THE HERALD'S OPINION: Stockton ferry as part of a seamless public transport system

CITY-BOUND: A Stockton ferry heading towards Queens Wharf, Newcastle. Picture: Jonathan Carroll
CITY-BOUND: A Stockton ferry heading towards Queens Wharf, Newcastle. Picture: Jonathan Carroll

IN the years when the future of the Newcastle heavy rail line was still a subject of heated debate, there were parallel fears that a Sydney-centric state government was just waiting for an opportunity to save a bit more of its transport budget by axing the Stockton ferry.

Thankfully, this didn’t happen, and the ferry continues to operate, run by the French/Australian joint-venture Keolis Downer, which is also operating the government’s Newcastle buses and will run the light rail once construction is completed.

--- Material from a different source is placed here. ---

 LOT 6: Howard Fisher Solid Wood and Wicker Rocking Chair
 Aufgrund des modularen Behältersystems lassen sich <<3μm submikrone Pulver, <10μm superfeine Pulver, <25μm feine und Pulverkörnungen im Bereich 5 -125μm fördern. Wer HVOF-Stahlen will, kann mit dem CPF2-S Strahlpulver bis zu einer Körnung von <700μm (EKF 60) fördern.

Keolis Downer is promising to revolutionise the way the city’s public transport operates, and the early indications are that it plans to do this by increasing the number of services on offer, rather than cutting them. As things stand, it is running more than 40 ferry services in each direction on weekdays, based on a half-hour frequency but with slightly smaller gaps at the morning peak into Newcastle, and the afternoon peak back to Stockton.

Fears over the future of the ferry were fueled by falling patronage, with the Newcastle Herald reporting a drop of about 100,000 passengers between 2008 and 2011, when the number of annual ticketed boardings fell from 532,000 to 448,000.

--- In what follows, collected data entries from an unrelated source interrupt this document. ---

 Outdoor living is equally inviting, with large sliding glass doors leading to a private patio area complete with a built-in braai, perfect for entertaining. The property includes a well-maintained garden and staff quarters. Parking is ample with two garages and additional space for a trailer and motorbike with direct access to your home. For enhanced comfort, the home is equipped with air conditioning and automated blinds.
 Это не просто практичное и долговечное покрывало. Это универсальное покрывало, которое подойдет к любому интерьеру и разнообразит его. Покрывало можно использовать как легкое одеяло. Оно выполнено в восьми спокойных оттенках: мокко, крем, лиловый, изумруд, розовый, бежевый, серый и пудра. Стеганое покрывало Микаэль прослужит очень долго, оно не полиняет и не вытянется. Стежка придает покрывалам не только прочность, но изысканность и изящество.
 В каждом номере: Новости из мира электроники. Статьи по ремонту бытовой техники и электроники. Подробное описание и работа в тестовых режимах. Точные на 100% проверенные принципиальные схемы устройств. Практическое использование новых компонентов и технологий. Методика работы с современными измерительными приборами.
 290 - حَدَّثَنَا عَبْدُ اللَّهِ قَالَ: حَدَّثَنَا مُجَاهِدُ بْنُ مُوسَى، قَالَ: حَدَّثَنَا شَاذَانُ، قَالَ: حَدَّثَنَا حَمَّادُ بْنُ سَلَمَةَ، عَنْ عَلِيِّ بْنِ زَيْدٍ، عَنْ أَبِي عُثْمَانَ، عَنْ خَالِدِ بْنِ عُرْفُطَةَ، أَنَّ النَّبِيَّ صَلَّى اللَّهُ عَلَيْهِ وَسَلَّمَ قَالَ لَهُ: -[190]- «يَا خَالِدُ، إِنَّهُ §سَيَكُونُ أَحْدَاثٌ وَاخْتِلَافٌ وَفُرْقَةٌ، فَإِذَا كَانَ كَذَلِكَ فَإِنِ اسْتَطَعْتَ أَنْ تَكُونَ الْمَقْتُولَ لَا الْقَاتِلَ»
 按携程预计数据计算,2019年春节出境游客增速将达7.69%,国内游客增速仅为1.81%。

The latest Opal card data shows the service is still carrying some 450,000 passengers a year, so in general terms, at least, it appears that the earlier decline in patronage has been stopped. This is good news, and an important consideration in a steadily growing push to have the Stockton ferry service expanded to include at least one – and possibly more – extra stops. As things stand, the government has marked an expanded ferry service as worthy of investigating in the coming “10 to 20 years, subject to business case development”: in other words, it doesn’t see enough demand at present. This is disappointing, because if the government is serious about having thousands more people live and work in a public-transport-oriented CBD, then expanding the ferry run to at least include a stop within easy walking distance of the Wickham transport interchange would seem to be a logical first step.

In its pitch to the government, and to the Hunter public, Keolis Downer made a lot of its commitment to creating seamless, multi-modal public transport systems. Finding a way to turn the Stockton ferry into a broader harbour service could be an early test of its abilities.